I grew up extremely shy and introverted. I constantly wanted to skip school just to avoid other kids, despite actually enjoying school itself. At first it was my fears of “embarrassing myself” or “saying the wrong thing” that persuaded me to keep my mouth shut at all times, but over time I developed an acute sense of self-loathing and perceived inferiority. In other words, my best would never be good enough when compared to other people.
All of these thoughts and fears persisted even through high school, where they successfully sabotaged any notions I had of dating, making friends, and just socializing in general. Because of this, I was extremely awkward, socially unconfident, and probably even standoffish. I began to scrutinize and criticize myself more than ever, and became obsessed with every personal flaw I could find. I became absolutely convinced that I was the most boring, unattractive, unappealing, and worthless guy out there, no matter what I tried to tell myself on the contrary.

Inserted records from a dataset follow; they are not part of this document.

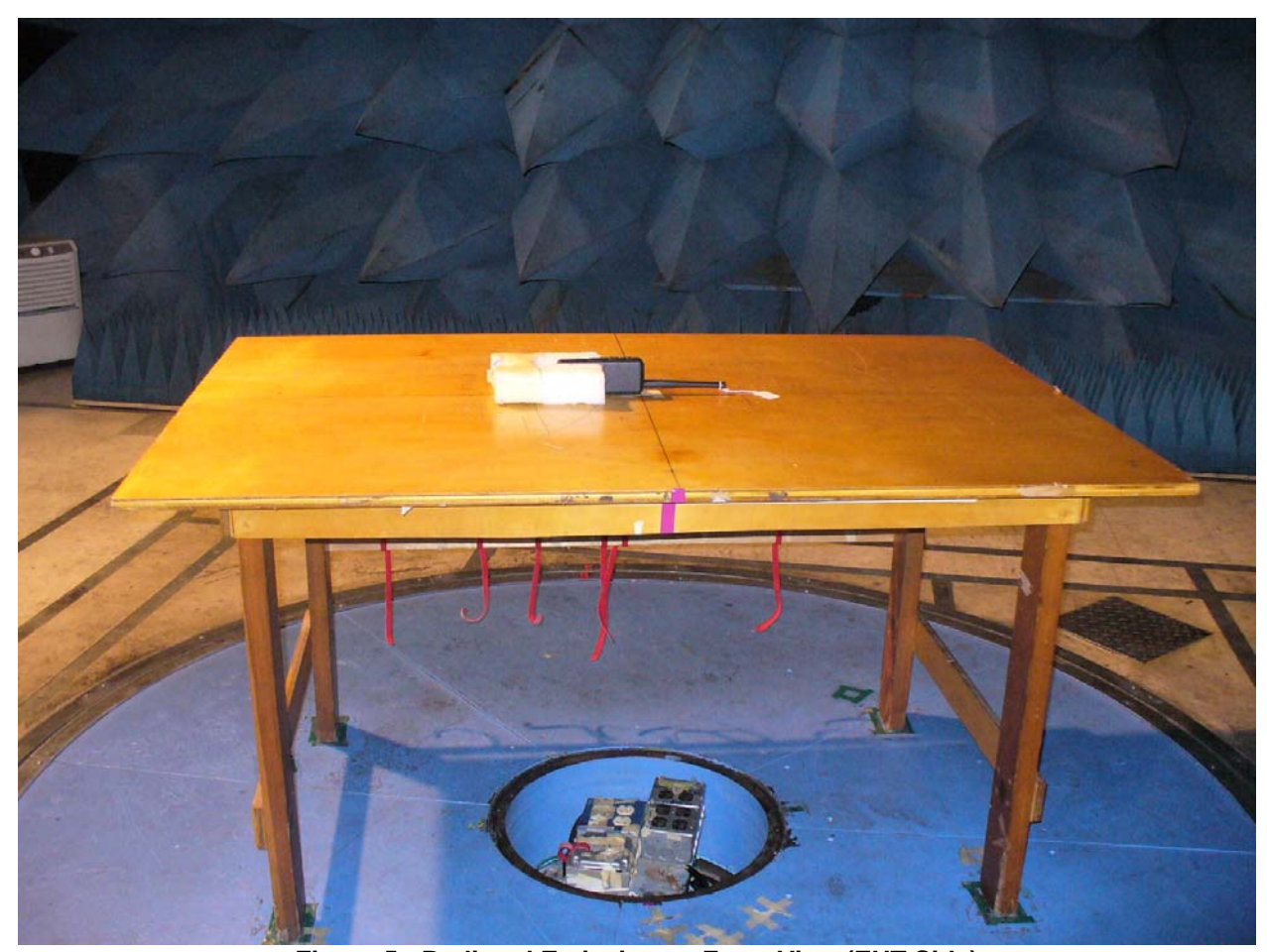
Figure 5: Radiated Emissions – Front View (EUT Side)
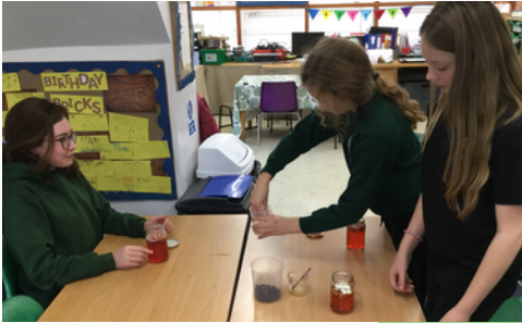
This week, Otters made 'blood' as part of their science learning which the children loved
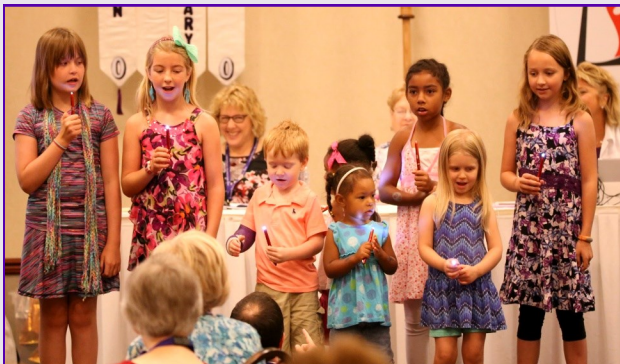
Beautiful children letting their lights shine!
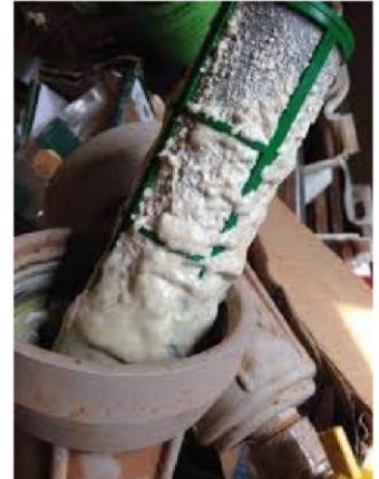
Can this mess be avoided?

Starting college made absolutely no difference whatsoever, from a social standpoint. I could go entire days without saying a word to anyone. Professors, classmates, really cute girls. Didn't matter. My brain refuses to function around other people, regardless of who they are (but especially really cute girls). My schedule literally became: leave home, go to school, come home, do homework, sleep, repeat. No over-exaggerating there either. I spent weekends alone or with family, and that was it.
I survived three semesters of this until I eventually hit my breaking point. I finally admitted to myself that I could not continue to avoid social interaction and group work in my upcoming courses, and this realization terrified me to no end. So what did I do to cope with it? I did the only thing I knew how to do: I dropped out and avoided it altogether. Problem-solving at its finest.